January 30, 2017
Marathon MP Jerome Fitzgerald does not expect the Rubis controversy that attracted negative publicity for him in 2015 to hurt his chances of re-election this year.
The government took more than a year to make public a 2014 Black & Veatch report on a gas leak from the Rubis service station on Robinson Road that warned of possible health risks to people who live and work in the area.
The report was completed in February 2014, but was only made public on April 17, 2015 after area residents expressed outrage at a town meeting.
"I think the people of Marathon are intelligent. They understand the issues," Fitzgerald said.
"I've been as clear and transparent about my position as I can be.
"The impact and the families that it touched and the houses that it touched, it was around five or six houses. I mean, it was no more than that.
"I have met with those houses, and the Ministry of Environment, the Ministry of Health acted very quickly to address those issues, and for the most part, outside of that, I think that's why it really hasn't gotten any traction within the area.
"Apart from those who may be detractors, or those who may support the opposition or the FNM... I don't feel any real repercussion when I go door to door.
"...The Rubis issue is really to me more of an issue to the press and detractors."
Fitzgerald has said he has no regrets over the government's handling of the matter.
Following the revelation that Fitzgerald had read the report in 2014, but kept silent, Fitzgerald was asked by The Nassau Guardian in April 2015 why he did not advise his constituents.
He responded, "I would have been fired on the spot. There is no way I can discuss what happens in Cabinet, particularly if a direction was taken and the direction was for it to rest with the attorney general's office."
He told The Nassau Guardian on Thursday that he plans to continue to build on what he has done over the past five years in the community, pointing to his computer and etiquette classes, his breakfast program and his cleanup campaign.
He said that, through his efforts, nearly 200 jobs have been provided to constituents.
"Jobs has been a great issue in empowerment," Fitzgerald said.
"We have been able to get quite a number of jobs.
"I would say well over 100, maybe as many as 200 jobs in the area, in the private and public sectors, because we have a big bank of everyone's application, so we pull from them, depending on what jobs we see once available.
"So I tell people for the most part, we really feel in our office, we are working as an employment agency.

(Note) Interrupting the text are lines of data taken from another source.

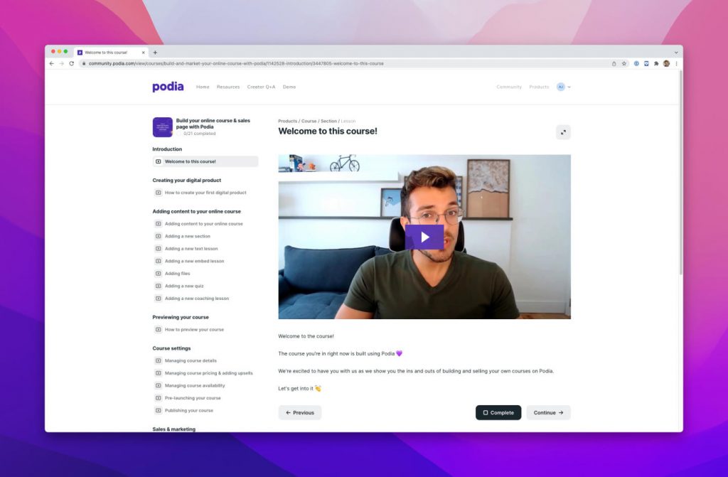 5. Course Player: The course player is where your students see your subjects and so its design impacts your students’ experience to a great extent. The good thing about Podia is that it has a course player which is very well-designed from a user experience point of view and at the same, it looks aesthetically quite impressive. Your students can see the course in the content area on the right. Then you have the “Table of Contents” in the left sidebar which your students can utilize to drive through the course.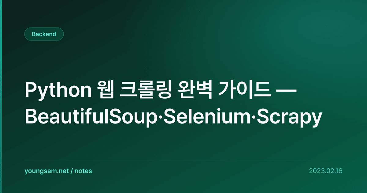 Python 웹 크롤링 완벽 가이드 — BeautifulSoup·Selenium·Scrapy에 대해 심층적으로 다룹니다. 실무에서 바로 적용할 수 있는 내용을 중심으로 정리했습니다.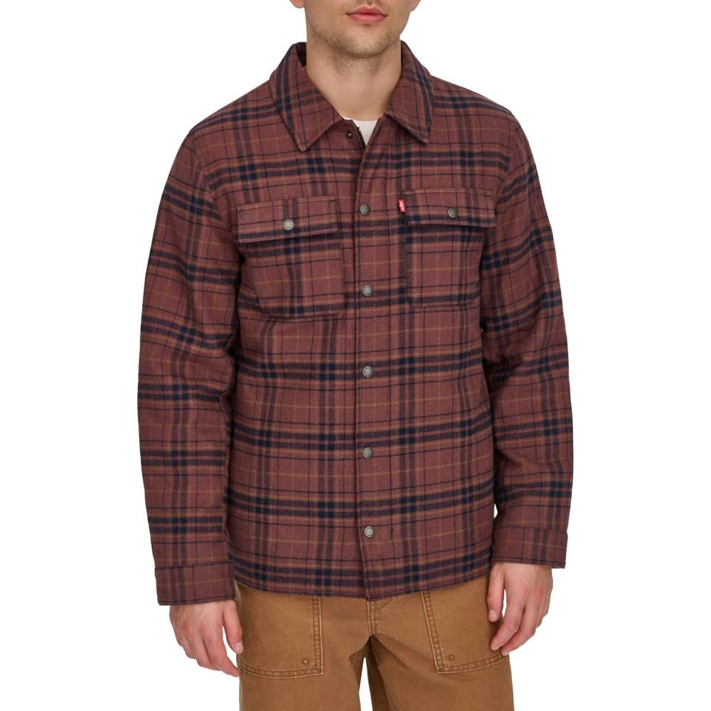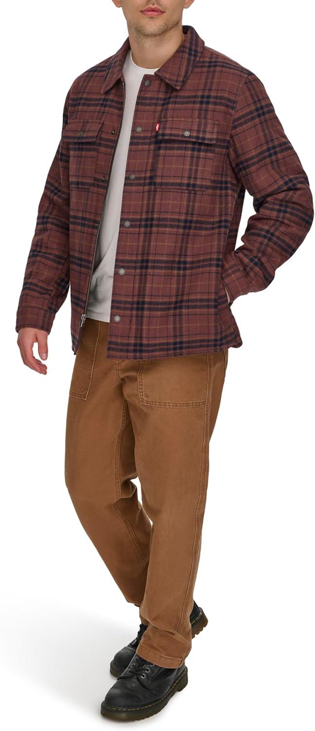 Stay warm and stylish with this Levi's Men's Cotton Plaid Shirt Jacket, designed for versatile layering in any season. The quilted lining and light fill provide just the right amount of warmth for cool fall nights, while the soft and durable cotton plaid fabric ensures all-day comfort. Functional features like the dual zipper and button-front closure offer flexibility, and the two upper chest flap pockets and lower welt pockets provide convenient storage. Adjustable snap cuffs add an extra touch of customization. Crafted with Levi's signature high-quality materials, this classic shirt jacket is complete with the iconic Levi's red tab on the wearer's left chest pocket. The model is 6'1″ and wears a size medium, providing a helpful sizing reference.

"There are a lot of people who are looking for employment and we have been able to help them do that.
"[We] also run them through the National Training Agency, where we have sent a lot of people.
"[We have] also encouraged a lot of, particularly single women and the young people, to go to BTVI (Bahamas Technical and Vocational Institute), and we have been able to help to facilitate a lot of that, which has really helped to empower them, and I want to be able to continue to do that."
Prime Minister Perry Christie recently declared his administration has created 32,000 jobs this term.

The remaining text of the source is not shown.